Many see this as a way of protecting domestic producers from Chinese firms, including domestic French brands like Naf Naf, Kookaï, and Jennyfer or bigger European firms like H&M and Zara.
A boost for circular firms
Despite the selective nature of France’s legislation, it is still a significant step that will provide a welcome boost for circular firms around the world.
Some of the startups to benefit will be close to home. For example, Reju is a French-owned textile recycling startup that recently announced plans to build their first industrial-scale plants in France.
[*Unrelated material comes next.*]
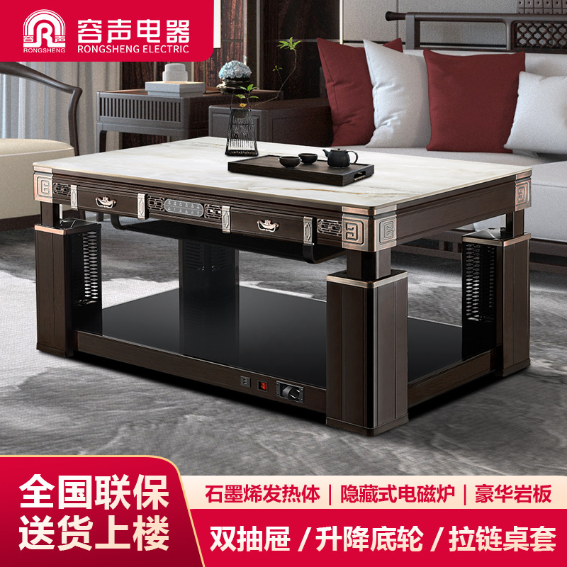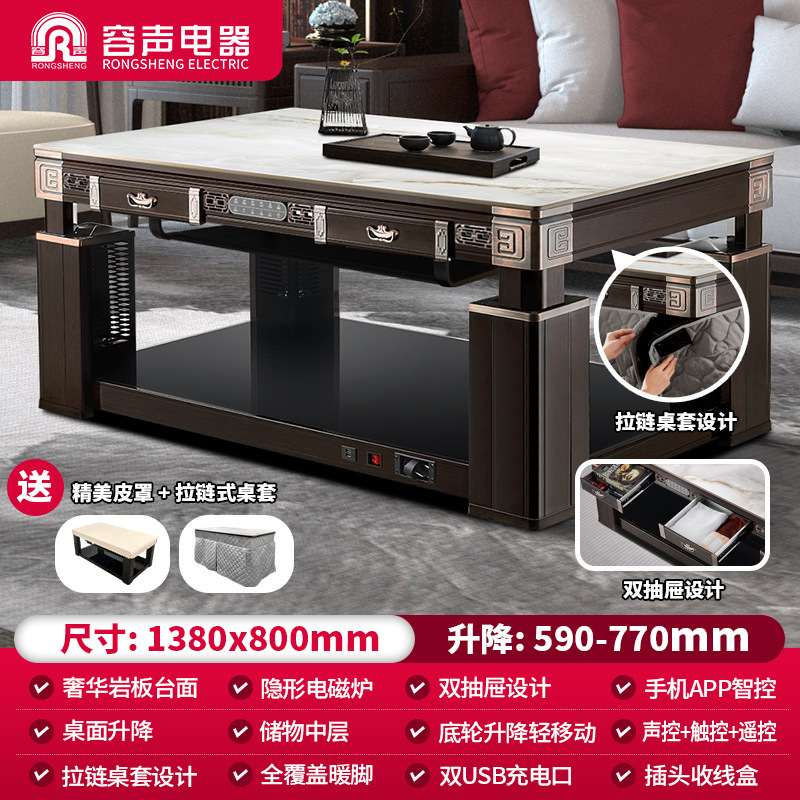 Кофейный столик с подогревом RongSheng Asdi, многофункциональный квадратный электрический столик с регулируемой температурой и функцией подогрева ног.
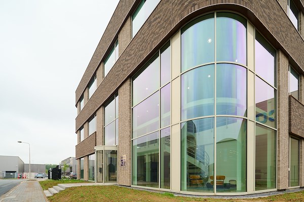 "Voor het team van Stalumex is dit natuurlijk een prestigeproject, vooral omdat het gebouw zich praktisch in hun achtertuin bevindt. Ze hebben ons erbij betrokken omdat de architect speelde met een combinatie van gebogen raam- en gevelpartijen voor de kantoorruimte en rechte, gesegmenteerde kozijnen voor het magazijn. Het resultaat mag gezien worden en de aluminium ramen, deuren en vliesgevels voegen echt iets toe aan de architectuur. Alle elementen zijn uitgevoerd in kleur 7032 - Kieselgrau, een kleur die niet vaak wordt gekozen maar uitstekend past bij de kleurschakeringen in de gevels. Dankzij onze

The changing laws will also benefit US firms like Circ, which is building a commercial plant in France.
Yet many companies in the business of clothes recycling are pointing out that they need more support from the EU if they are to build enough infrastructure required to reach circular policy goals.
This is the message from the European Circular Textile Coalition established in response to the EU law. It is led by materials regeneration company Reju. It includes Resortecs, Coleo, Les Tissage de Charlieu, Synergies TLC, Nouvelles Fibres Textiles, Sympany, European Spinning Group, Ariadne Innovation, Erdotex, Utexbel, and Noyfil.
They argue that the EU must support companies like them, with the tech and know-how to carry out recycling and help the region get the most out of its discarded textiles.
The group wants government support for textile recyclers but also more overlooked parts of the circular fashion supply chain, like sorting and collection, or companies that specialise re-introducing recycled textiles back onto the market.
The EU is also being called on to address the impacts which its new law will have on developing countries, which play a huge role in upcycling, repairing, and re-selling discarded textiles originating from northern markets.
Non-profits representing secondhand textile markets on the African continent are calling for EU countries to send a portion of their producer fees to the countries responsible for sorting and re-selling unwanted textiles. This would be to fund better recycling infrastructure in these countries, acknowledging the continuing role that they will play until the EU builds domestic capacity.
The EU and France are leading the way in incentivising companies to produce more sustainably and more durably. The next part of the puzzle for Europe will be expanding regional recycling capacity so it can turn its growing supply of low-quality, used textiles into high-quality goods at industrial scale.